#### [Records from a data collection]
>>>>
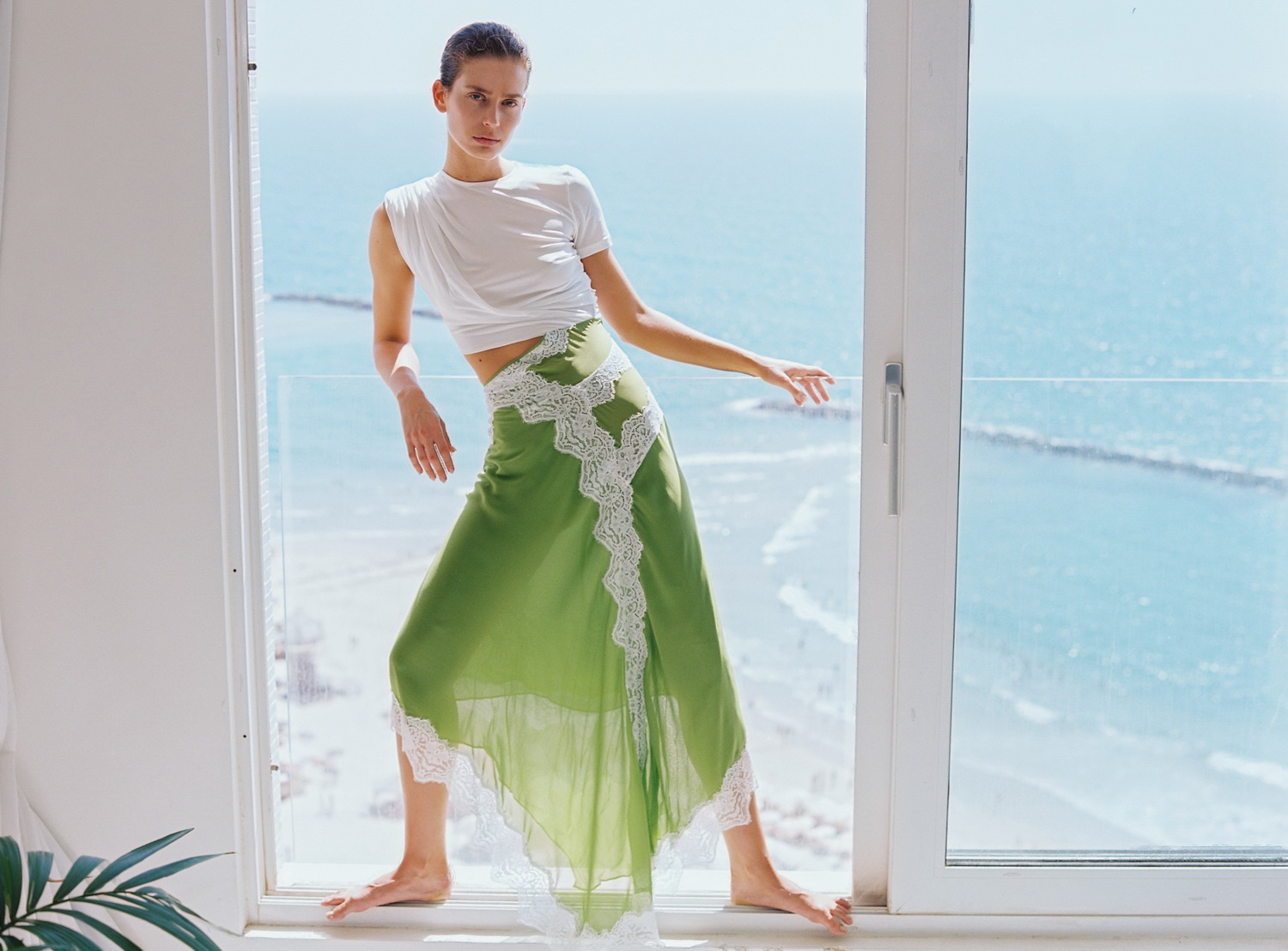 השמלה המדוברת, שצולמה על שון, כוללת חלק עליון בסגנון טי-שירט לבן המחובר לחלק תחתון הכולל חצאית משי ירוקה מעוטרת בתחרות. מדובר בדגם מרענן ומיוחד במינו.
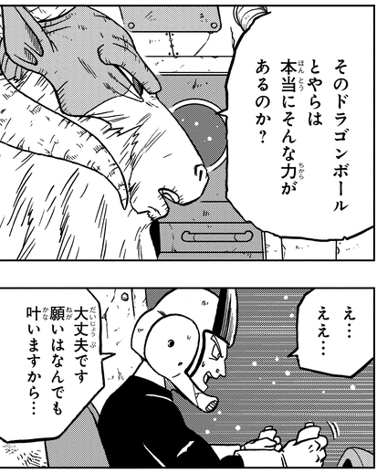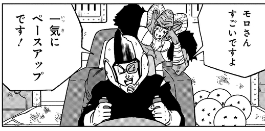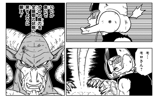 モロの能力であっという間に6つのドラゴンボールを集め、さらにモロが大界王神と闘っている隙をついて7つ目のドラゴンボールを手に入れる。
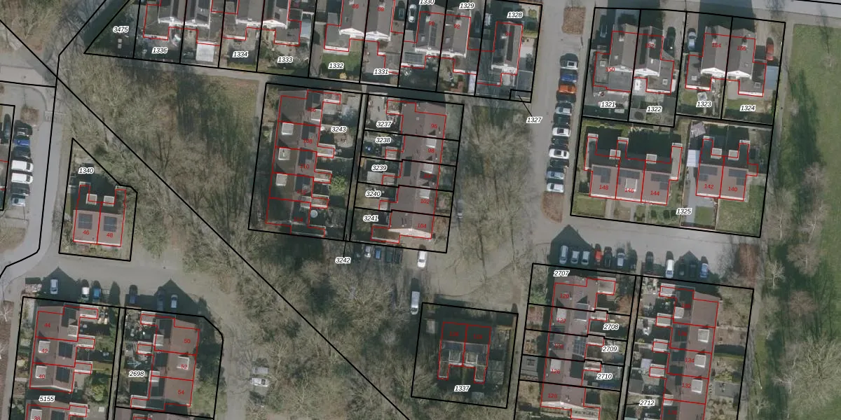 Gebruik de zoekbalk of klik op een perceel voor informatie over de adressen binnen dit perceel.
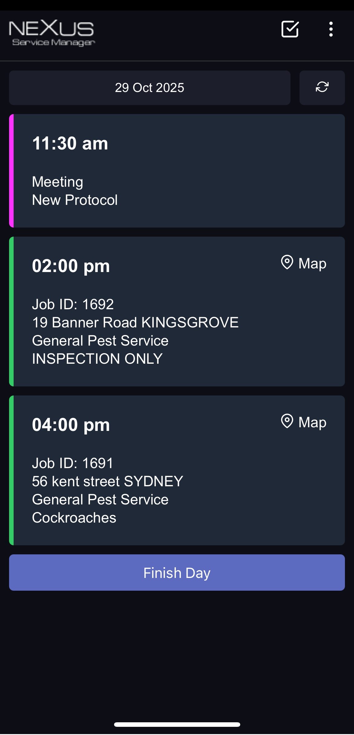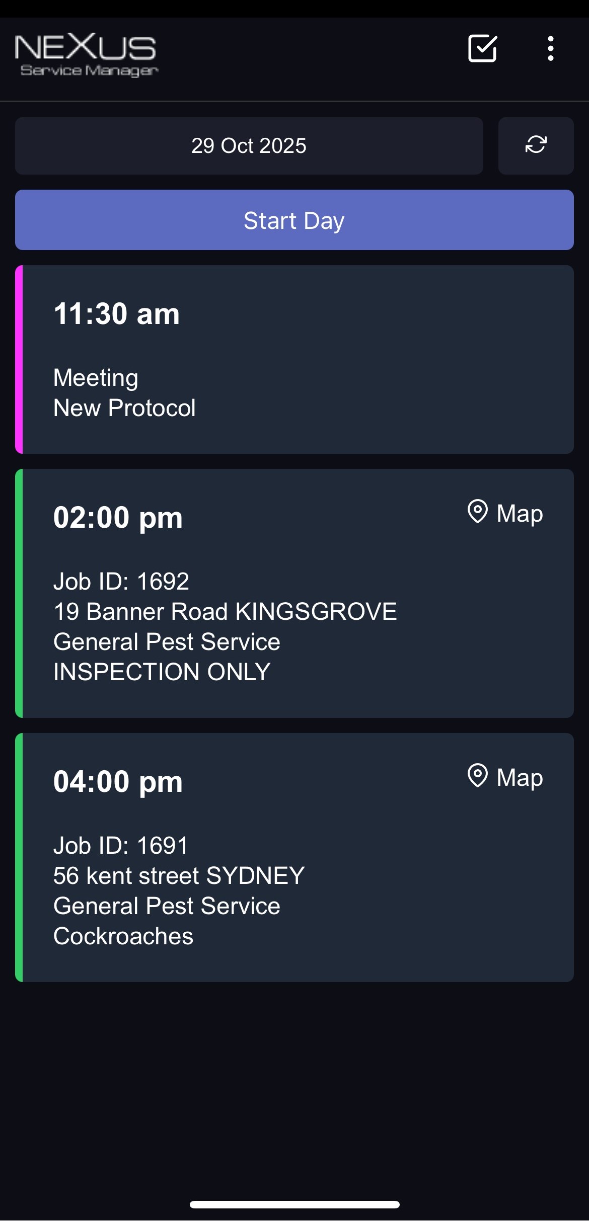 A "Start Day" and "Finish Day" button may be available depending on system settings. This records when the day is started and finished. The technician should click "Start Day" when they start traveling to their first job or when they leave their office.
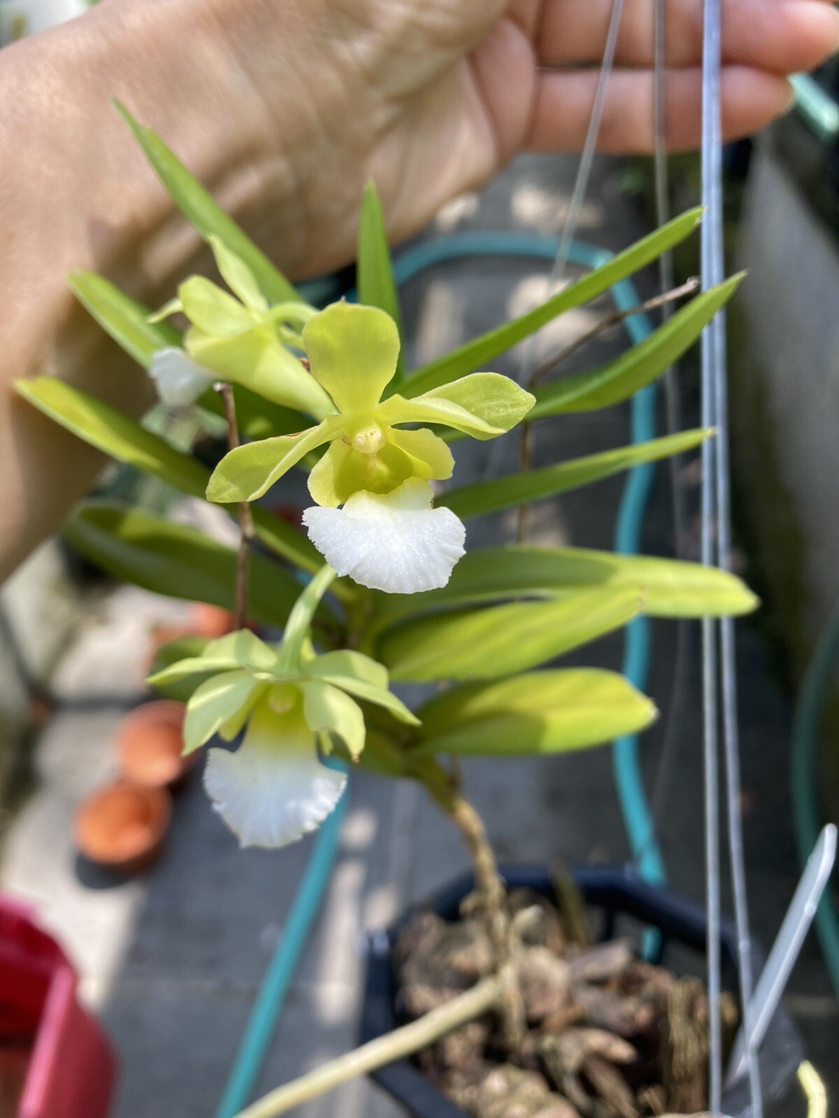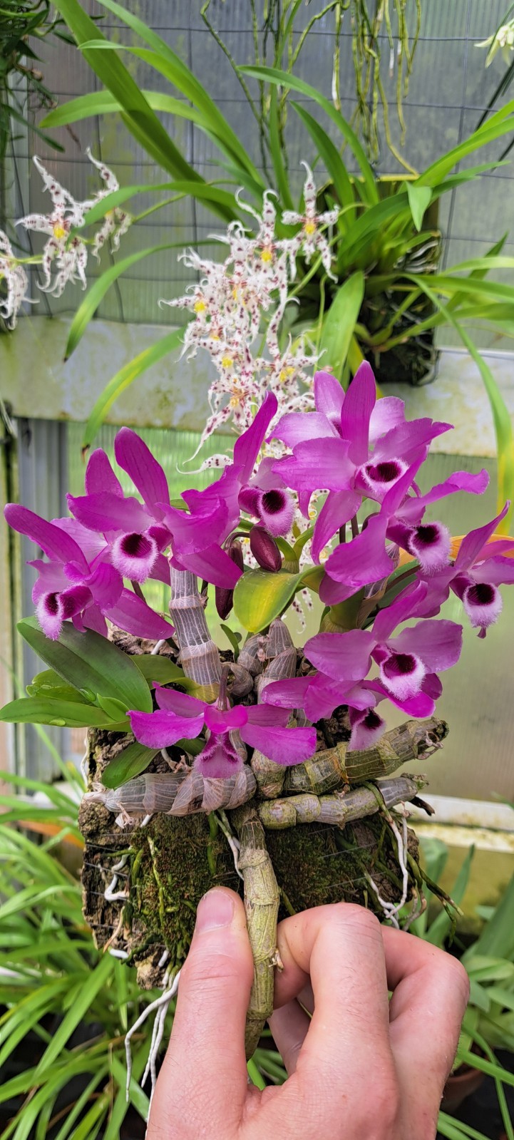 Plants grown without media (for example Vanda in their baskets, or small Dendrobium grown on tree fern panels) will require watering daily, sometimes twice daily in hot weather.
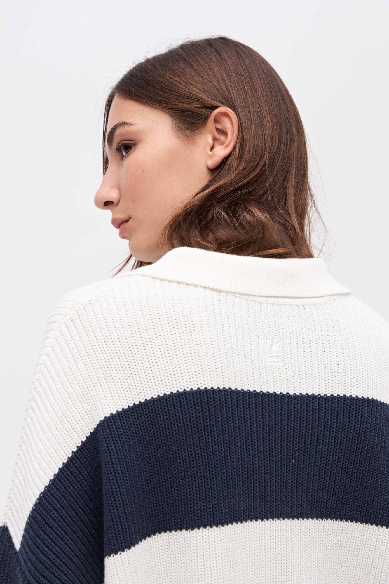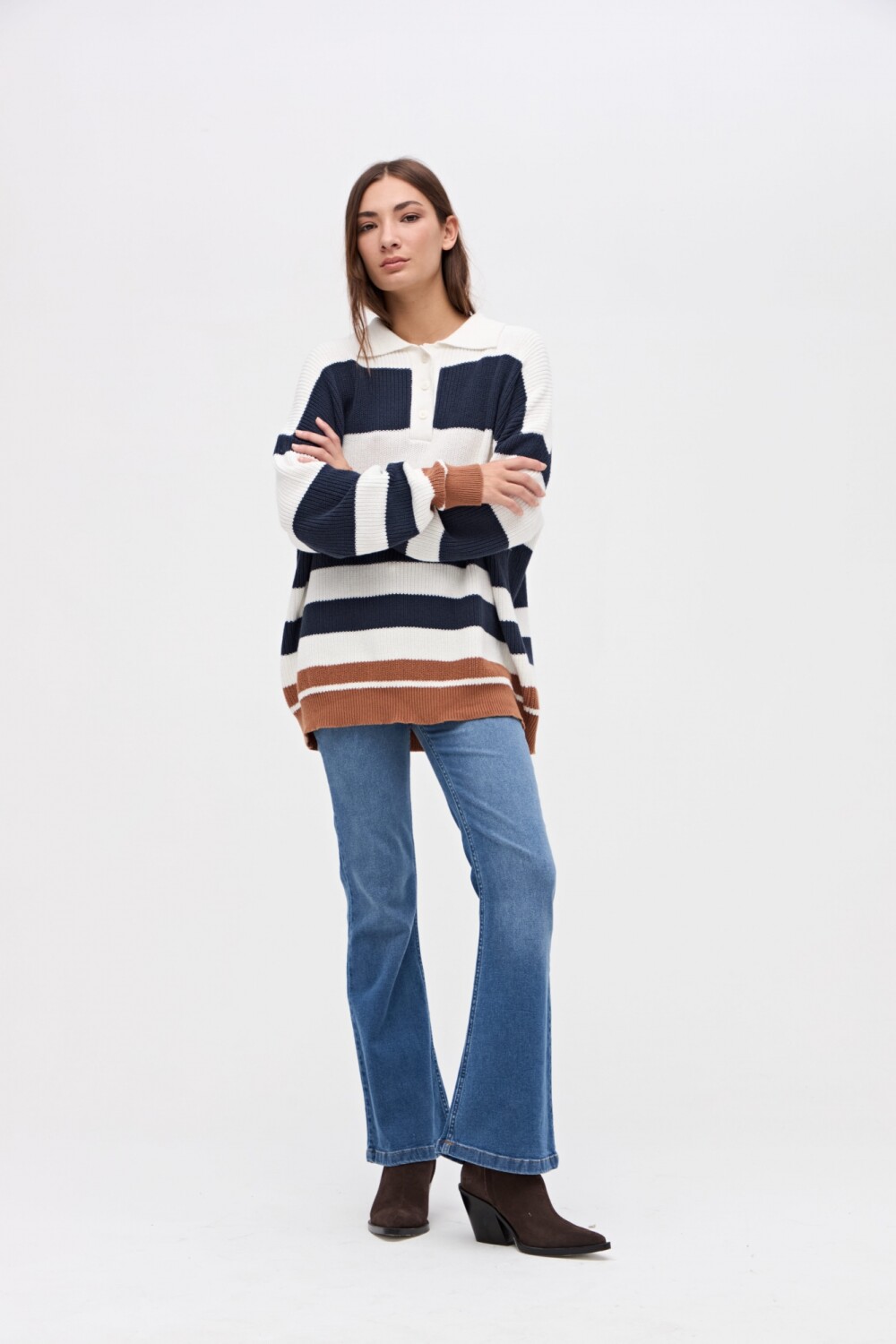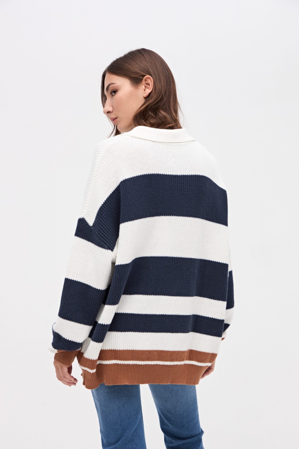$ 2.882Polo tejida con cartera de botones y cuellito. Diseño de rayas en bloque. Bordado de marca en espalda. Calce holgado.
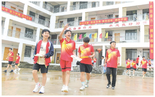 6月24日,在桂林市2023年初中学业水平考试月山初级中学考点,首场考试结束后,考生们满怀信心地从考场中走出。记者李忠波 通讯员韦代波 摄
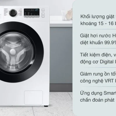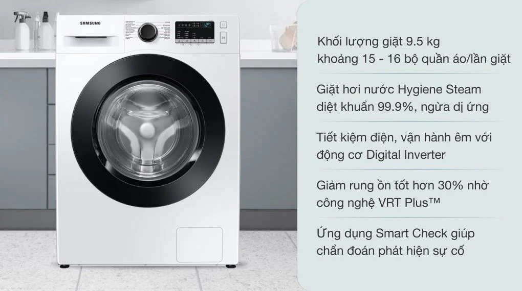 Ngoài ra, máy giặt Samsung với khối lượng giặt 9.5 kg giúp bạn an tâm trong việc, đáp ứng nhu cầu giặt lượng quần áo lớn của gia đình từ 5 – 7 thành viên.
<<<<
All lines from the start of the entries through the one with "モロの能力であっという間に6" are to be output exactly; omit the pictures.

 השמלה המדוברת, שצולמה על שון, כוללת חלק עליון בסגנון טי-שירט לבן המחובר לחלק תחתון הכולל חצאית משי ירוקה מעוטרת בתחרות. מדובר בדגם מרענן ומיוחד במינו.
 モロの能力であっという間に6つのドラゴンボールを集め、さらにモロが大界王神と闘っている隙をついて7つ目のドラゴンボールを手に入れる。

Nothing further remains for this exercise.